Anyone breathing near the dense blue-green algae blooms that plagued the region last summer likely inhaled some toxins deep into their lungs, FGCU research released Tuesday shows.

What’s not yet clear is what impact that exposure could have to human health, said Mike Parsons, the professor of marine science who coordinated the study.

When there are outbreaks, the Florida Department of Environmental Protection samples water to check what variety of algae are present and how concentrated they are. During the recent bloom, it found one variety of blue-green algae, Microcystis aeruginosa, at levels the World Health Organization considers a high risk of affecting human health.

More: Researchers in town testing residents for exposure to algae toxins

Blue-green algae toxins, also called cyanotoxins, are some of the deadliest on the planet, “Among the most potent toxins known, far more potent than industrial chemicals,” the late Kenneth Hudnell testified to Congress in 2008. “They cause death at dosage levels in the low parts per billion range … more potent than strychnine, curare (the poison dart toxin) and sarin (a nerve gas).”

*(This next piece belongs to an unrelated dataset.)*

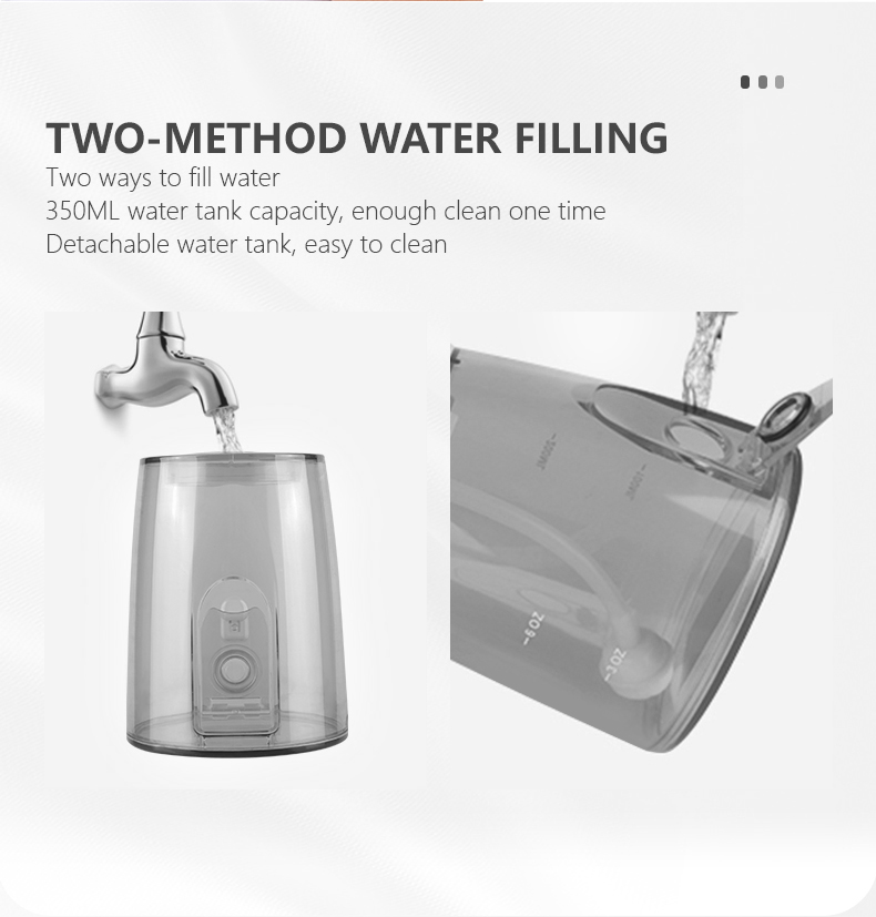 يتميز جهاز تنظيف الأسنان المائي هذا بخزان مياه مطور بسعة 350 مل، وهو ضعف سعة الموديلات القديمة الأخرى، مما يلغي الحاجة إلى إعادة التعبئة المتكررة ويجعل تنظيف الفم أكثر ملاءمة وكفاءة.

In slow-moving or dead-end waterbodies, like Cape Coral canals, the blue-green algae (also called cyanobacteria) piled up in putrid mats “so thick ducks would walk on it and iguanas run across it” Parsons said. And though the resulting stench was chokingly, eye-wateringly foul, there had been no research conclusively showing what scientists call “an airborne vector for microcystin exposure.”

FGCU’s study changed that. With a $5,000 grant from the National Centers for Coastal Ocean Science, part of the National Oceanic and Atmospheric Administration, Parsons and his team used two $9,000 devices on loan from Yale University to detect the presence of microcystis with DNA sequencing.

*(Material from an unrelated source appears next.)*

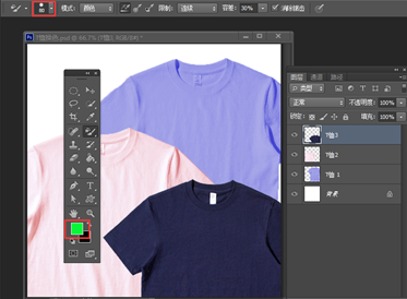 2、使用“颜色替换”工具为“T恤3”更换颜色
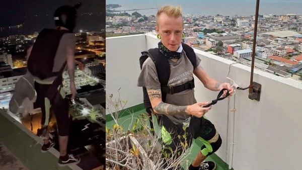 Nathy Odinson est monté en haut d'une tour haute de 29 étages pour faire un saut en parachute.

They tested two spots: a Cape Coral home along the Caloosahatchee, where the bloom was intense, and at Vester Field Station in Bonita Springs, 30 miles away, where there was no bloom.

The team tested from Sept. 21 to Oct. 11, also collecting water samples before and afterward.

The devices were equipped with layered filters that mimicked the human respiratory system.

More: Algae-exposed? Researchers taking samples from people who’ve been around toxic blooms

“The way the sampler works is it has different size passages,” Parsons said, “so you have big openings on the top and then really small openings on the bottom that simulates a human lung.

“The largest pore sizes would be like the nasal passages and the mouth, then the pharynx, then down into the bronchi, then the last three pore sizes would be down in your air sacs – your alveoli … really, really tiny — smaller than bacteria (and) basically, we found microcystins in all the size fractions. They got all the way down.”

Southwest Florida volunteers take part in algae exposure study Andrew West, News-Press

But whether that rises to the level of a public health crisis is another matter, because the microcystin concentration was the same at both sites, Parsons said.

“The two possibilities are: We’re just looking at a background level, or normal concentrations of microcystins in the air,” Parsons said. “Or, the other possibility is (and I’m looking at the wind data from Page Field right now) would be that the microcystins actually blew southward so you basically have a plume that made it to Vester,” which he doubts is the case, because the concentrations are the same. “That doesn’t really support that because you’d expect some sort of dilution factor.”

Parsons’ study comes on the heels of another done by Florida Atlantic University’s Harbor Branch Oceanographic Institute last month, which took samples of blood, urine and nasal secretions from volunteers to test for algal toxins.

“Our studies really complement each other,” he said. “They demonstrated that (toxins were) getting in nasal passages and in the mouth and the back of the throat. What we show is it can get way down into the lungs. So together, we basically have a story confirming that people are being exposed to this (and) it can get all the way down into the lungs.”

More: Algae once again streaks Caloosahatchee’s upper reaches, new aerial photos show

As for the health effects, “That’s got to be the subject of another study,” Parsons said. “This is a pilot study — basically a demonstration project … On one hand, the results were interesting and puzzling, on the other hand I was a little relieved,” he said. “People could sue, you know, if these levels were really high, and right now, they’re not.”

However, Parsons urges residents to be careful if and when another big bloom happens.

“For caution’s sake, they may want to stay away or work to get the cyanobacteria out of their canals,” he said. “It’s probably not a good idea to be sitting there inhaling it if you’re living right on the canal. Better to be safe than sorry.”